The experimental nature of the procedure was explained to Allison's father, Thomas Shank, of Springfield, who said, "I didn't have time to be nervous . . . I was sort of worried about it, but I figured they knew what was best for her."

Shapiro said it was explained to Shank that the drug, which cost $1,800 a dose when first develped - but now costs next to nothing - "would not cure anything, but would enable surgery.

"The risks in the dose we use," which is a minute, "are unknown," said Shapiro. "There are all kinds of riks in higher doses. (But) it has a much more marked effect on the ductus than anywhere else in the body." Allison, he said, was the first patient at Children's to receive Prostaglandin El.

Less than 24 hours after she was born. Allison was in surgery. And once again she benefited from the use of a new medical procedure.

The Prostaglandin dilates, or opens, the ductus much the way of a pencil might dilate a soft, hollow noodle. But just as the noodle collapses when the pencil is withdrawn, so the ductus closes up when the patient is not given Prostaglandin.

To prevent this, Dr. Midgley injected the ductus with Formalin, a preservative that holds the tube in an open position. The technique has been in use for only about 18 months, said Midgley.

Midgley then made a small hole in the right ventricular chamber of the heart, enabling him to "punch holes" in the blocked valve.

Asked the size of the child's heart, Midgley reached into his desk and, with a flourish, held up a golf ball. "That's about it," he said. One quarter of the ball had been painted red, indicating the size of the chamber in which the surgeon worked.

In about six months, Allison will return to Children's Hospital for further tests."In about six months, these things (the ductus) just close off like an old iron pipe," said Midgley. "It doesn't actually shut off, but it just slowly carries less blood."

At that point the doctors may find that the valve itself is allowing enough blood to flow through the chamber. If it is not, an artifical ductus will have to be constructed to buy Allison a few years until she can undergo open heart-surgery and the construction of a new valve.

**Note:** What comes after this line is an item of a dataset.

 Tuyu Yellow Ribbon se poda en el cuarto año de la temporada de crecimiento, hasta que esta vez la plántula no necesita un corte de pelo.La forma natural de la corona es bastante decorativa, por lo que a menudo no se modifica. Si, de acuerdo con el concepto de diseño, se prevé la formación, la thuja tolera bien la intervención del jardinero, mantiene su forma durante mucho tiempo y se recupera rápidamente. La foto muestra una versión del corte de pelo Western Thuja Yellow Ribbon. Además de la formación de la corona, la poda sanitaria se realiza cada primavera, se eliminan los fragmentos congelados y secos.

Yesterday, a month and a half after the surgery, Midgley said he and Shapiro are "enthusiastically encouraged" about Allison's chances now. "She's through a very high-risk period," he said.

"The experience is that most (such patients) die shortly after birth," added Shapiro. The mortality rate in the first month of life is about 60 per cent, he said.

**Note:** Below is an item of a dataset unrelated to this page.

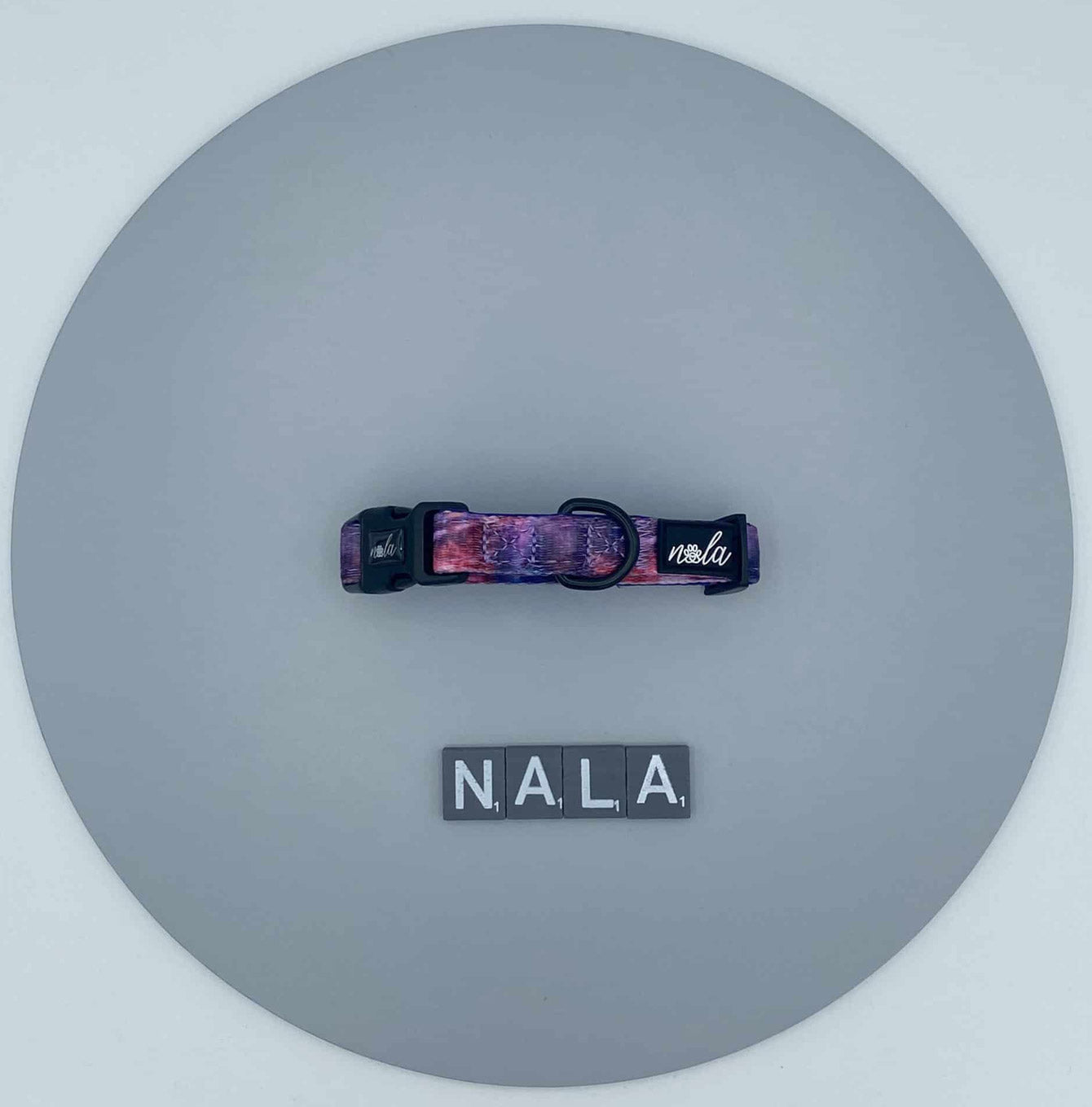 Beautiful purple collar, part of the 'Nala Loves' Collection.

"The sign that I felt we made it" with Allison's parents, said Midgely, "was that on the third day they named her. Up till then she was 'baby girl.'"

"We wanted to give her a name, one way or another," said Thomas Shank, "but in the confusion, it just took that long to get it on paper."

Reviewing the initial success with Allison, Frank Midgley commented: "My mentors lived through the years when this wasn't possible. The base-line of seemingly inoperable cases gets whittled away at."